Когда он вошёл, моё тело сжалось от боли. Это было грубо, резко, зверино. Без прелюдий. Без права привыкнуть. Просто боль. Настоящая, жгучая, разрывающая. Я зажмурилась, вцепилась в пол, пыталась выдохнуть – но вместо этого из горла сорвался всхлип. Он продолжал – без жалости. Его движения были быстрые, вбивающие, без капли сдержанности, как будто он пытался не занять меня, а уничтожить.
Слёзы лились. Горячие, солёные, унизительные. Я не чувствовала ничего, кроме боли – внутренней, физической, моральной. Моё тело не предавало. Оно стонало, сопротивлялось, но было взято силой, сломлено, использовано, и ничего не могло с этим сделать.

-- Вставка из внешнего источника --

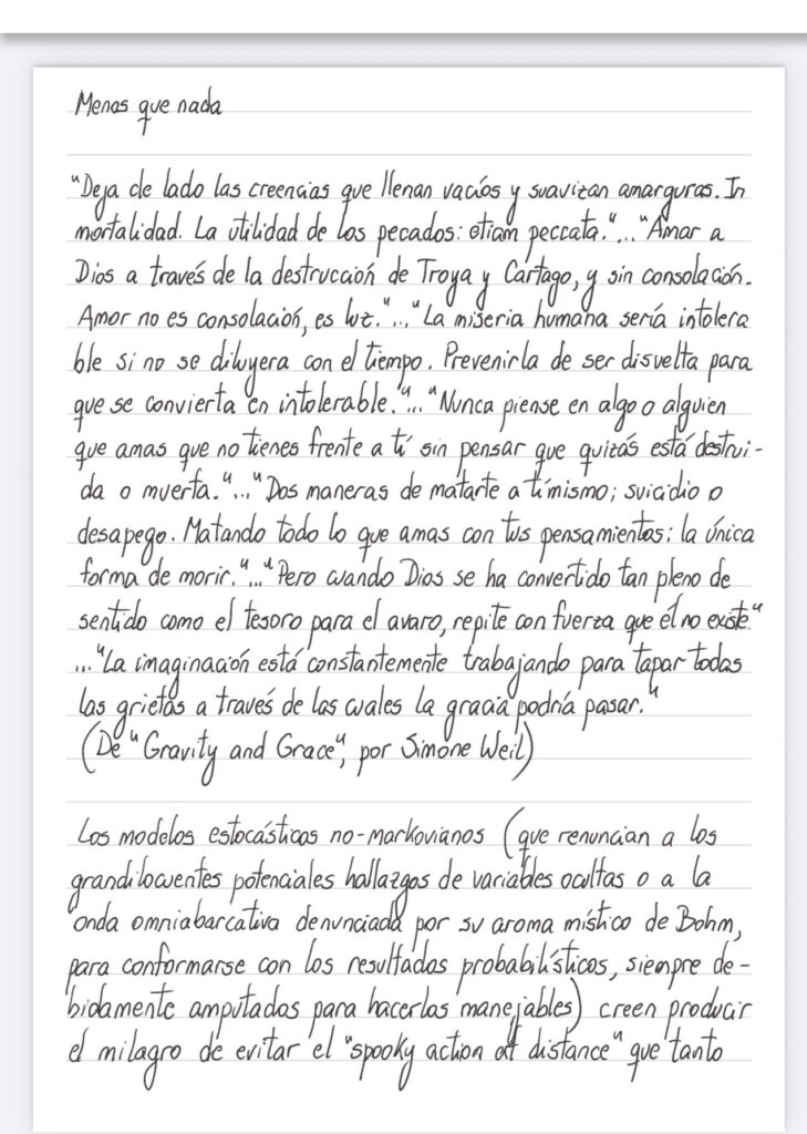 «Deja de lado las creencias que llenan vacíos y suavizan amarguras. Inmortalidad. La utilidad de las pecados: etiam peccata…»Amar a Dios a través de la destrucción de Troya y Cartago, y sin consolación. Amor no es consolación , es luz.»…“La miseria humana sería intolerable si no se diluyera con el tiempo. Prevenirla de ser disuelta para que se convierta en intolerable. «.» Nunca pienses en algo o alguien que amas que no tienes frente a ti sin pensar que quizás esté destruida o muerta.”…» Dos maneras de matarte a ti mismo; suicidio o desapego. Matando todo lo que amas con tus pensamientos: la única forma de morir.. Pero cuando Dios se ha convertido tan pleno de sentido como el tesoro para el avaro, repite con fuerza que él no existe»…”La imaginación está constantemente trabajando para tapar todas las grietas a través de las cuales la gracia podría pasar.” (De «Gravity and Grace», por Simone Weil)

Он не остановился. Ни на миг. Он делал это с такой тишиной, с таким внутренним мраком, что я поняла: он не злой. Он просто не видит меня человеком
Каждый толчок выбивал из груди не воздух – остатки сопротивления. Я чувствовала, как пальцы у меня сжимаются в кулаки, как ногти впиваются в ладони, как губы дрожат, но не произносят ничего – потому что слов нет для этого.
Он наклонился, облизал мочку уха, и прошептал:
– Теперь ты знаешь, каково это – быть моей.
И я… знала.
Бог мой, я знала.
Пол подо мной был холодный, но внутри всё горело. И в какой-то момент я перестала бороться. Не потому, что приняла. А потому, что сил больше не было.
Когда всё закончилось, он встал. Молча. Не прикрыл. Не посмотрел. Просто ушёл, оставив меня лежать на холодном камне – голую, изнасилованную, без имени…без чести. Только с телом, которое уже не принадлежало мне. Только с плачем, который больше не был слышен.
Когда дверь захлопнулась, тишина ударила по ушам, как выстрел.
Я осталась лежать, не двигаясь. Голова была повернута вбок, щека прижата к камню. Он был холодный, мокрый, и я не чувствовала в этом больше боли – только тупую, безысходную немоту. Как будто всё внутри обрушилось. Я лежала под этим грузом, раздавленная, но живая. И не знала, зачем.
Ноги дрожали. Между бёдер – боль. Настоящая, тянущая, липкая. Я чувствовала, как оттуда медленно, мерзко стекает кровь – не каплями, а тонкой струйкой. Смешиваясь с влагой на полу. Как будто моё тело плакало вместо меня.
Слёзы уже высохли. Глаза жгло. Я не закрывала их – просто смотрела в камень, будто он мог спасти. Или проглотить. Хотелось именно этого – исчезнуть. Пропасть в трещину. Исчезнуть из своего тела. Потому что оно теперь было не моё.
Я не чувствовала себя женщиной. Не чувствовала человеком. Я чувствовала себя использованной шкурой, которую отбросили в угол. Ни одна часть меня не принадлежала мне. Даже слёзы, даже дыхание – всё, что было мной, разорвали.
Я с трудом поднялась. Руки скользнули по камню предательски дрожащие. Я села, подтянула колени к груди. Ноги были в ссадинах, плечи горели. Я обняла себя, как будто могла собрать заново, что осталось. Но всё скользило. Всё вываливалось изнутри, как пепел.
И всё время в голове звучал его голос. Не грубый. Не яростный. Тихий. Мерзко ласковый.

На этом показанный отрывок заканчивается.